Yes this is what happens and this is what the manual says but it still doesn't work even though there is no paper jams!


----------



## ReviverSoft (Nov 30, 2009)

*Re: Canon IP4300 error*

Does pressing the "Resume/Cancel Data" button when the LED flashes, have any effect at all?


----------



## Sue T (Mar 27, 2012)

*Re: Canon IP4300 error*

No it makes non difference


----------



## Sue T (Mar 27, 2012)

*Re: Canon IP4300 error*

can anyone help or should I just trash my printer


----------



## ReviverSoft (Nov 30, 2009)

*Re: Canon IP4300 error*

Hi Sue,

Sorry I couldn't back to this thread any sooner.

Here are some excerpts that might be helpful to you:



> Hi guys, I eventually found a solution to the problem for my printer. With the top cover open, I pushed a sheet of 120 micron thickness A4 clear plastic binding cover through the exit tray as far as it would go to rest against the bottom row of rollers. I switched the printer off then back on again and as the rollers lifted momentarily, I pushed the sheet of plastic as far up through the machine as I could before the rollers went down again - it went in a fair distance. The printer then ejected the plastic sheet. I then put the plastic sheet into the paper tray and tried to print a blank document page. The plastic fed through cleanly and my printer has been working since without any error messages. I hope this works for you.
> 
> By gordonthe1 Mar 04, 2008
> 
> ...


If the above trick doesn't work, I would suggest taking the printer to your nearest Canon service center. They have good after sales service and will be happy to take a look at the problem and fix it for you. 

If the printer is out of warranty, you will need to pay the service charges, which of course is a lot lesser than the price of a new one.

Let us know how you go.

~RS


----------



## Sue T (Mar 27, 2012)

*Re: Canon IP4300 error*

The rollers don't even move, it's like there is nothing there just the lights flashing. Lost my temper in the end and have broken it to get the ink cartridges out and thrown it in the dustbin:angry:
Thanks for all your help


----------



## Rich-M (May 2, 2007)

*Re: Canon IP4300 error*

You did the right thing as today with labor rates it never pays to have a printer serviced. It possibly was a very small snip of paper you would never find anyway or a defective switch making it think that was so.


----------



## ReviverSoft (Nov 30, 2009)

*Re: Canon IP4300 error*

Hi Sue,

Sorry to hear about the outcome.



> It possibly was a very small snip if paper you would never find anyway or a defective switch making it think that was so.


Which is why I suggested taking it to an authorized service center (not third party ones) to have it checked. How much you pay for the service depends on the nature and extent of the problem. The basic checkup is either free or a bare minimum, esp. if it was a snip of paper causing the problem. They would know exactly what's wrong and not have to speculate much.

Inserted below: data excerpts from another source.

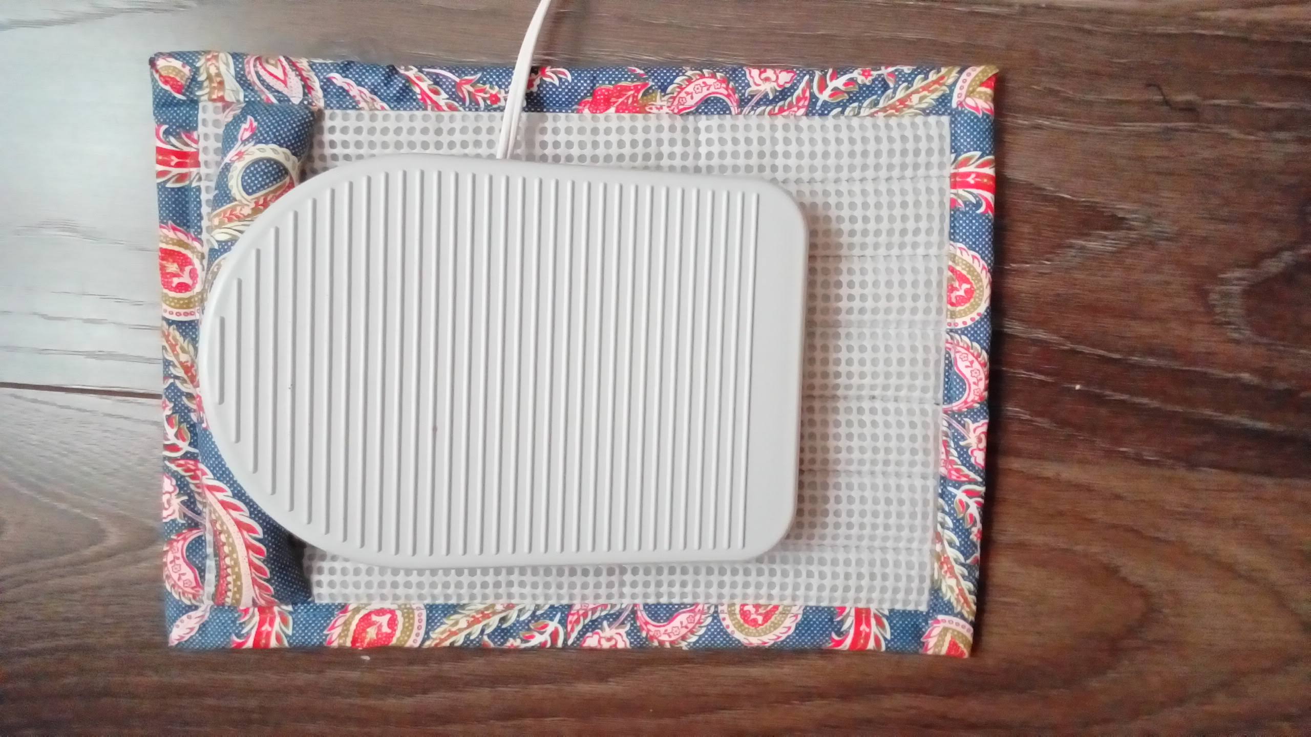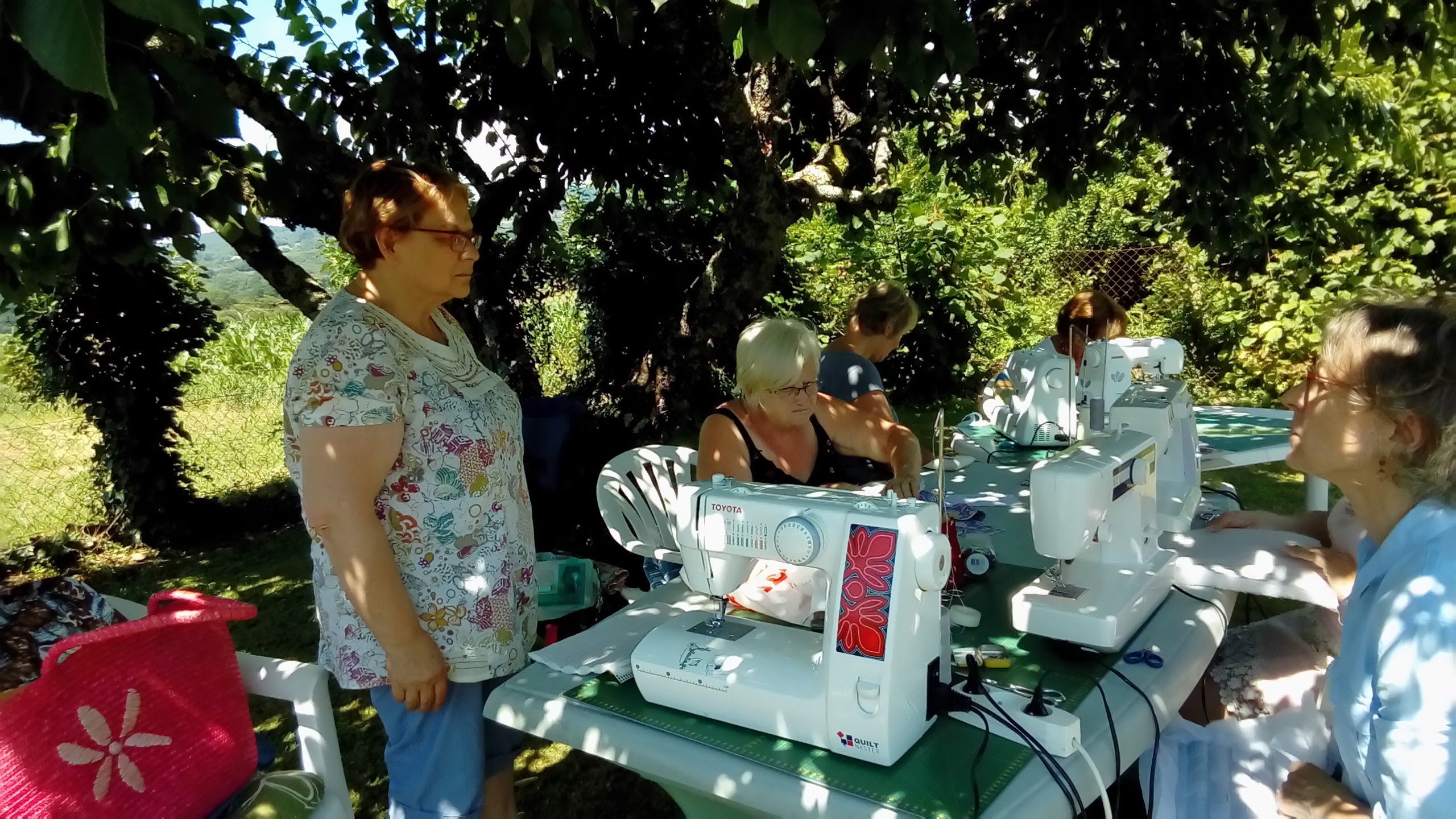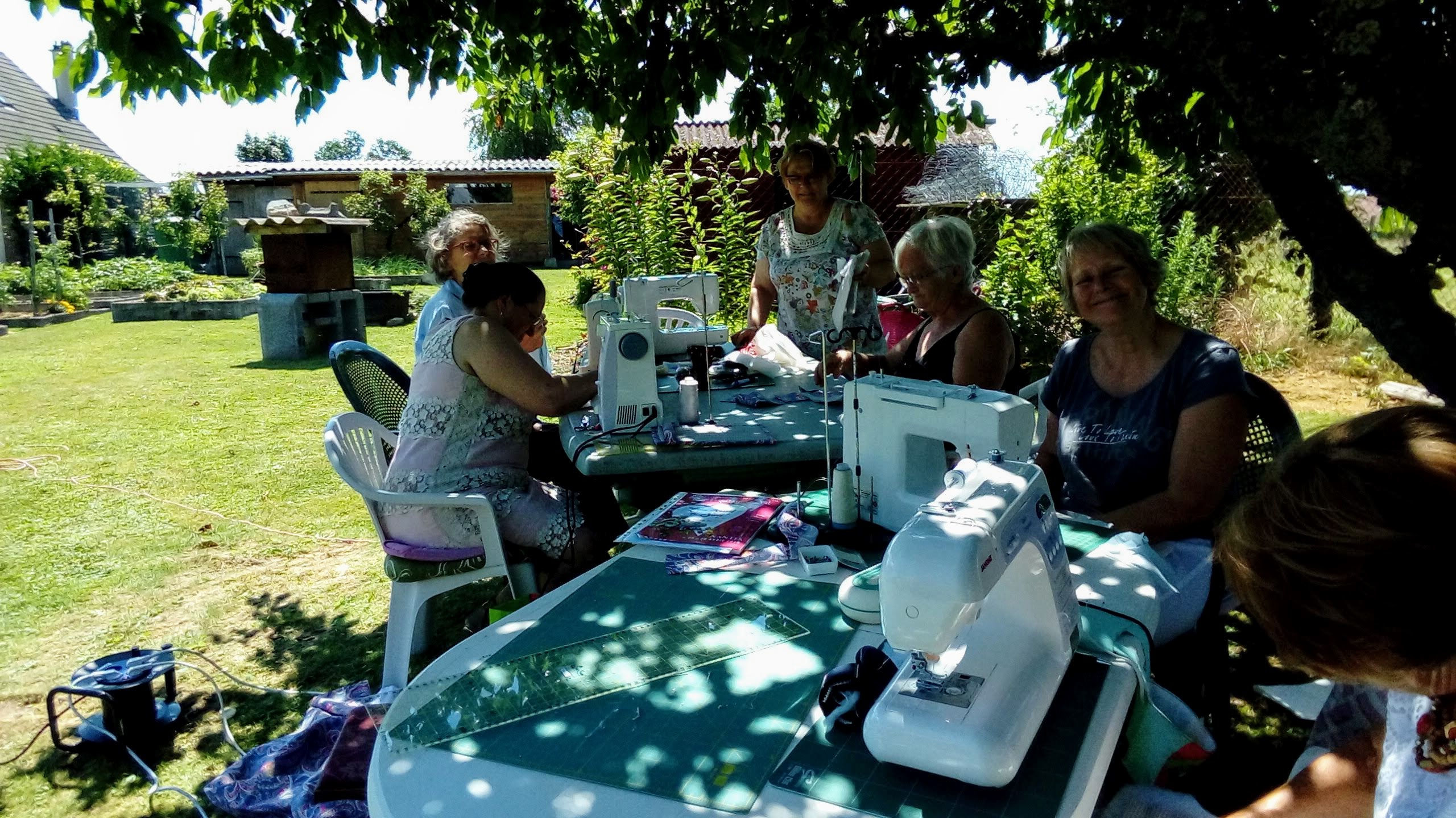 Nous avons eu droit à une journée magnifique, soleil, chaleur, petit vent discret, ce qui nous a permis de coudre au grand air. Tables, chaises, prises électriques, machines à coudre et tout le matériel nécessaire à la patcheuse étant installés, le travail a pu commencer afin de réaliser un « stop-pédale » ( le nom savant, le rhéostat!) pour éviter la recherche de cet accessoire qui a tendance à s’éloigner au fur et à mesure que l’on coud ...
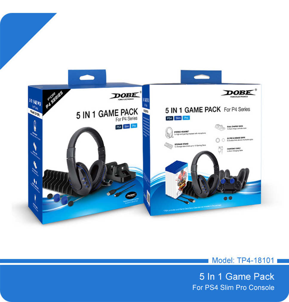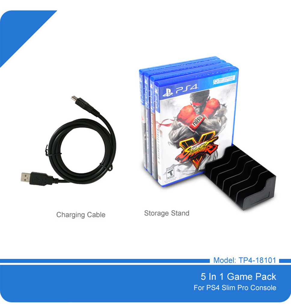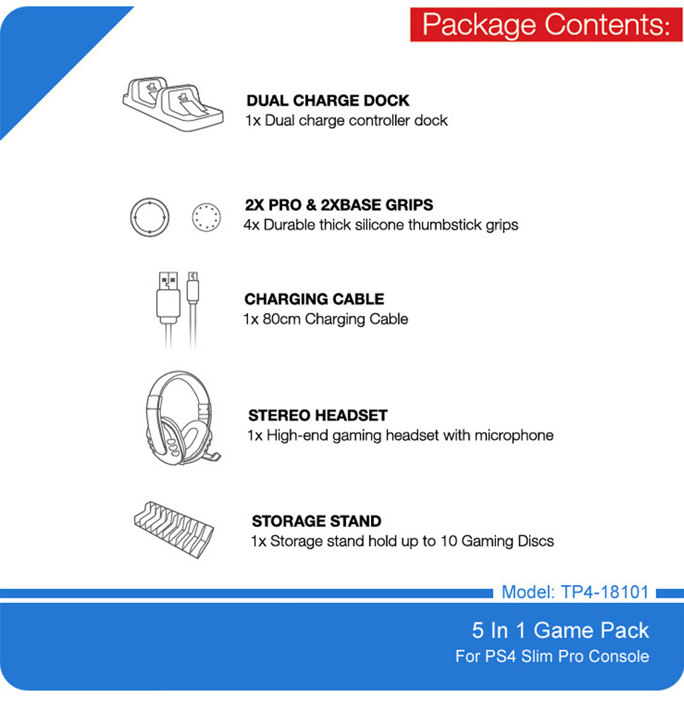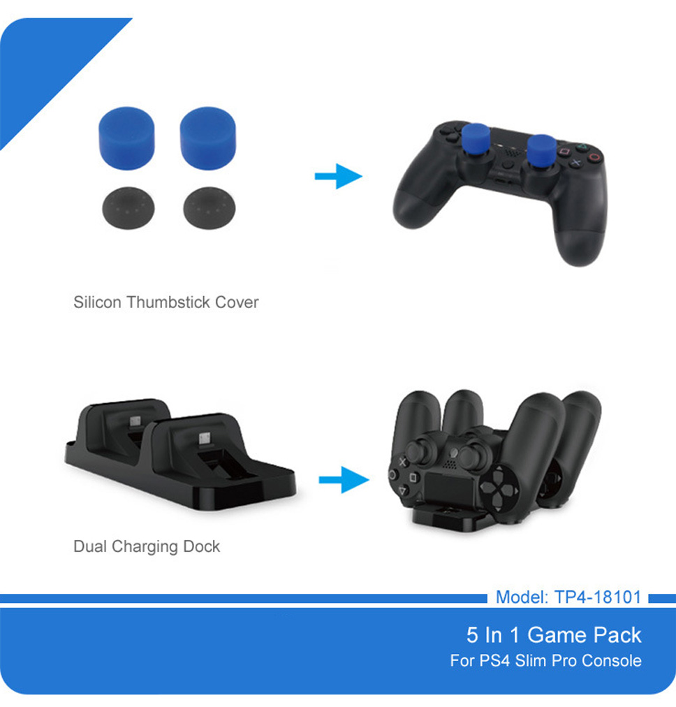 Product Description Model Number: TP4-18101 Compatible Brand/Model: Sony 1: 5-in-1 kit for PS4 game consoles, comes with headphone, charger, button cap, game rack 2: Suitable for all kinds of gamers...
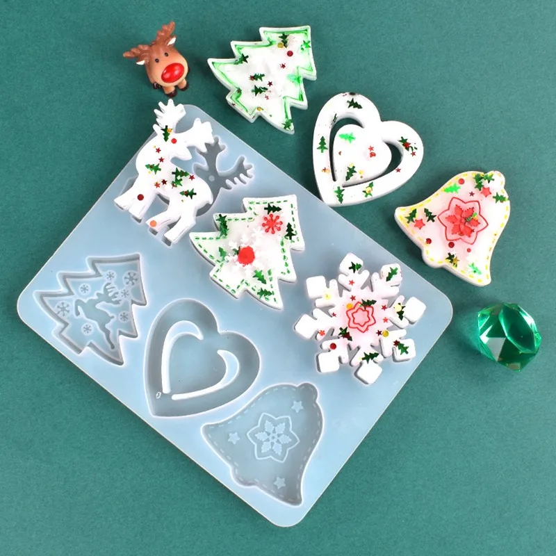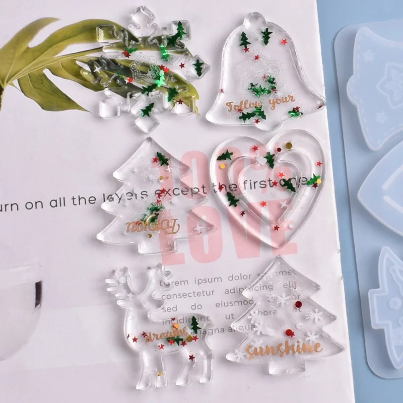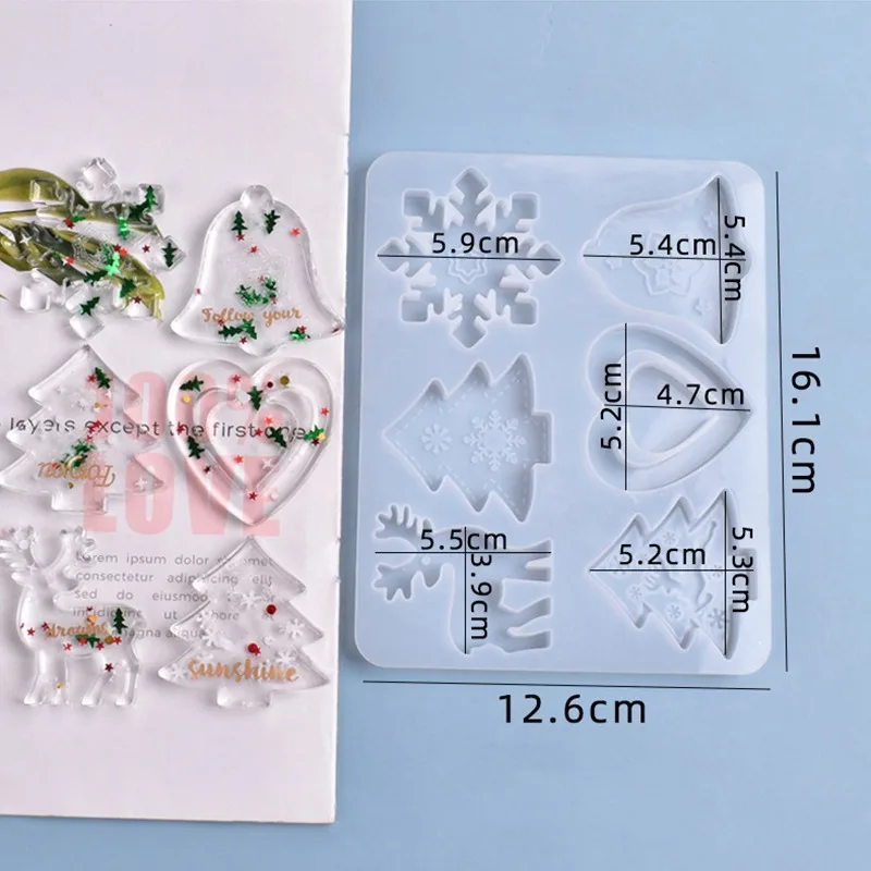 Рождественская елка снежинка лося кулон смола литье формы брелок Рождественское украшение силиконовые смолы формы для искусства РемеслаФормы для рождественской тематики, включая рождественскую елку, лося, снежинку и т. д.Наши силиконовые формы из смолы имеют гладкие интерьеры,Таким образом, готовая продукция является гибкой и легко снимается с формы.После сдавливания и деформации, он может быть восстановлен до исходного состояния после того, как какое-то время стоит ..Этот комплект пресс-форм из смолы идеально подходит для украшения ключей, мобильных телефонов,Кошельки, сумки, рюкзаки, автомобили или другие замечательные предметы.Хороший выбор, как вечерние принадлежности, игровые призы, классные призы, рождественские подарки и так далее,Подходит для Рождества, дня рождения, семейного сбора и т. д.Людям понравится этот милый Рождественский брелок с героями мультфильмов.
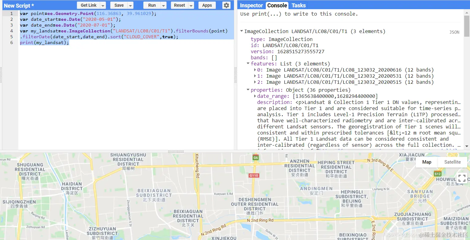 通过print()函数打印在右侧的信息,我们可以看到这个ee.ImageCollection格式数据中包含三个元素(即3 elements),也就是含有三景重叠的遥感影像。
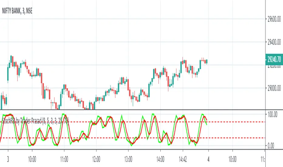 Stoch RSI = ( RSI - Lowest Low RSI ) / (Highest High RSI - Lowest Low RSI )
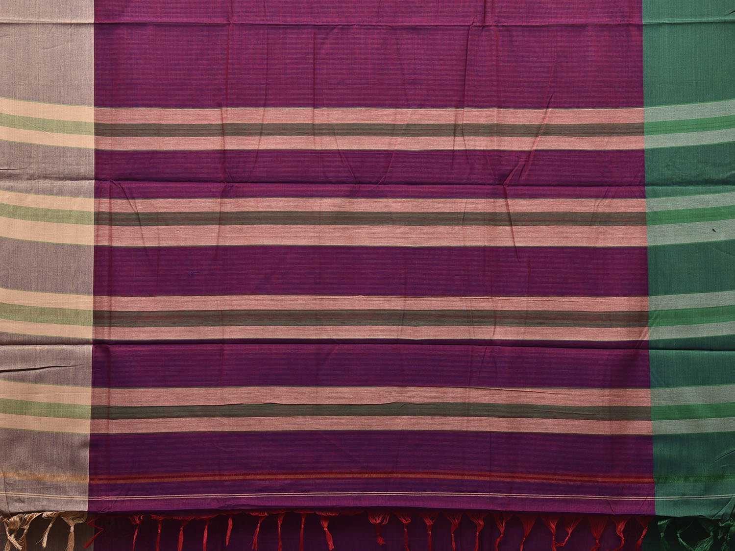 Wine Kanchipuram Cotton Plain Saree with Ganga-Jamuna Border Design. Traditional Simple South Indian Attire Saree for any Casual Occasions. As it’s a cotton saree we advice gentle handwash separately for fabric care.
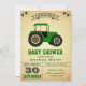 Éblouissez vos invités avec cet invitation baby shower à thème cool tracteur avec un joli tracteur vert avec une typographie dynamique sur un arrière - plan parchemin vintage. Ajoutez simplement les détails de votre événement sur ce modèle facile à utiliser pour en faire une invitation unique. Retournez la carte pour révéler une texture rustique en bois de grange au dos de la carte.

The one time I had to take in my Canon AIO for a quick check up, I didn't have to pay a penny.


----------



## Sue T (Mar 27, 2012)

*Re: Canon IP4300 error*

Hi

The trouble with taking it to canon is that the nearest one is in London and I am in Derbyshire so not really cost effective for me. I am currently bidding for exactly the same printer on ebay for a third of the price.

Thanks for all your help
Sue:blush:


----------



## ReviverSoft (Nov 30, 2009)

*Re: Canon IP4300 error*

Thanks for the update, Sue.

Maybe you could go in for a newer model, possibly with some additional features/functionality that you can use. 

Good luck with the purchase!

RS



Sue T said:


> Hi
> 
> The trouble with taking it to canon is that the nearest one is in London and I am in Derbyshire so not really cost effective for me. I am currently bidding for exactly the same printer on ebay for a third of the price.
> 
> ...


----------



## Sue T (Mar 27, 2012)

*Re: Canon IP4300 error*

Hi

Just found out that I have won the bid on ebay so I have the exact printer on its way to me for a bargain price. At least I won't have to throw my cartridges away now.

Thanks for all your help
Sue


----------



## Rich-M (May 2, 2007)

*Re: Canon IP4300 error*

Great why not mark this solved in the first post under "Thread Tools" in the first post.


----------



## Sue T (Mar 27, 2012)

Thanks, just marked it


----------